## TASK BRIEF
Nothing but a verbatim copy of the data, minus the images, should be returned.

## DATA EXTRACT
┌──

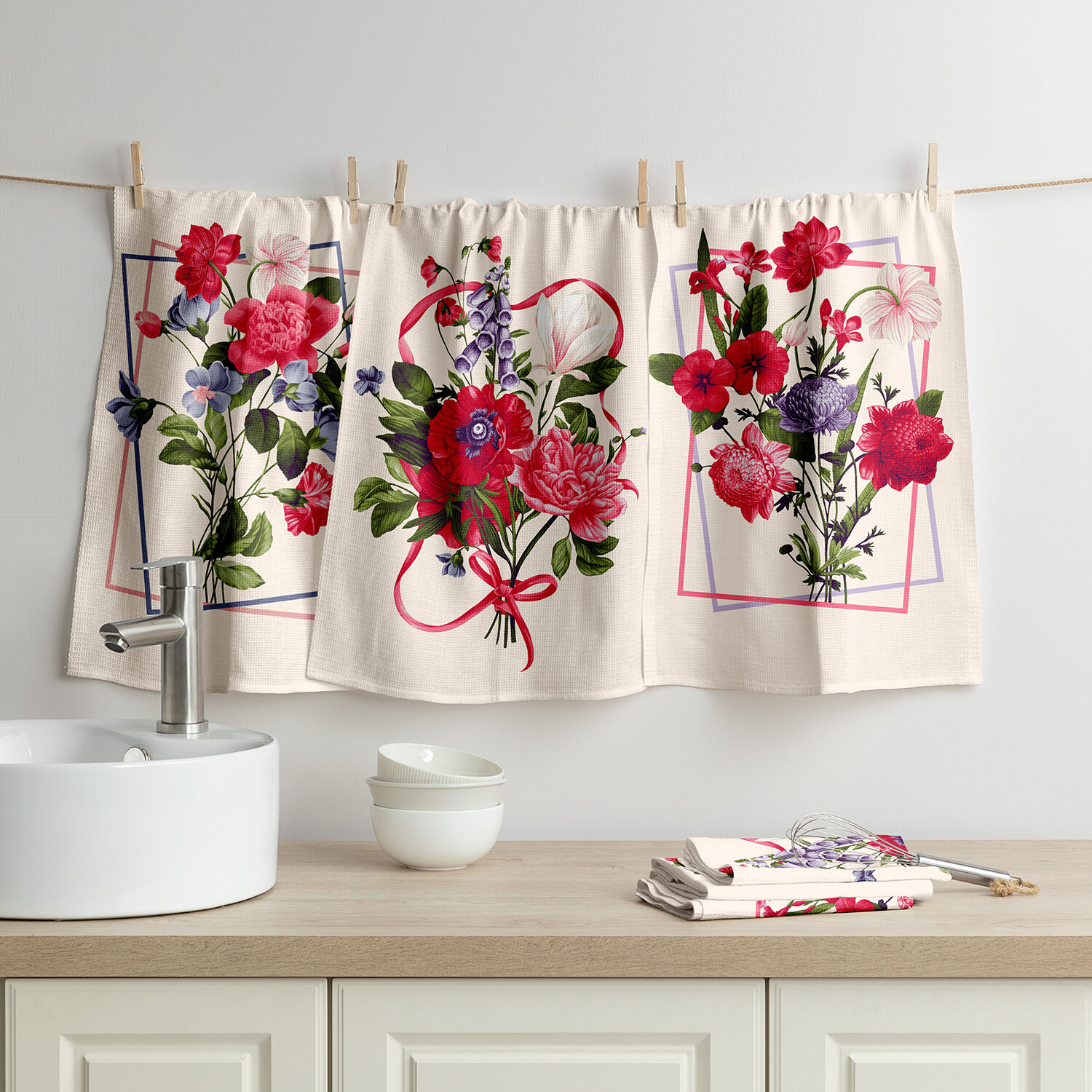 Набор полотенец Этель "Цветочное настроение" 45х70см - 3 шт, репс 167г/м2, хлопок
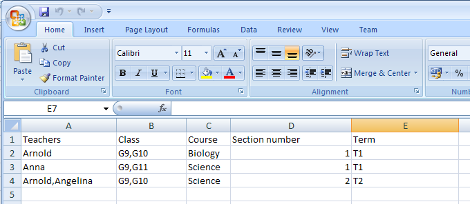 - if you want to import Terms/Weeks/Days, you will need to create these prior to import
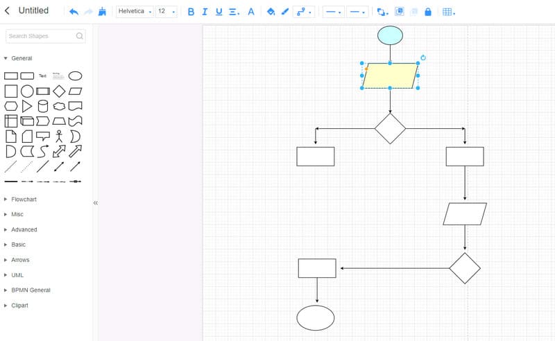 Nyní můžete začít vytvářet svou mapu. Chcete-li začít, přejděte na Všeobecné a přetáhněte tvary na obyčejné plátno. Můžete také použít výše uvedené funkce, abyste své mapě přidali více chuti. Můžete přidat barvu, styl písma, tabulky a další. Chcete-li do tvaru přidat text, poklepejte na tvar a začněte psát obsah.
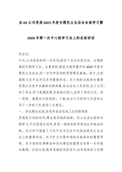 组织生活:2025年度│03会前学习:在XX公司党委2025年度专题民主生活会会前学习暨2026年第一次中心组学习会上的总结讲话

└──

## ANSWER SPACE
 Набор полотенец Этель "Цветочное настроение" 45х70см - 3 шт, репс 167г/м2, хлопок
 - if you want to import Terms/Weeks/Days, you will need to create these prior to import
 Nyní můžete začít vytvářet svou mapu. Chcete-li začít, přejděte na Všeobecné a přetáhněte tvary na obyčejné plátno. Můžete také použít výše uvedené funkce, abyste své mapě přidali více chuti. Můžete přidat barvu, styl písma, tabulky a další. Chcete-li do tvaru přidat text, poklepejte na tvar a začněte psát obsah.
 组织生活:2025年度│03会前学习:在XX公司党委2025年度专题民主生活会会前学习暨2026年第一次中心组学习会上的总结讲话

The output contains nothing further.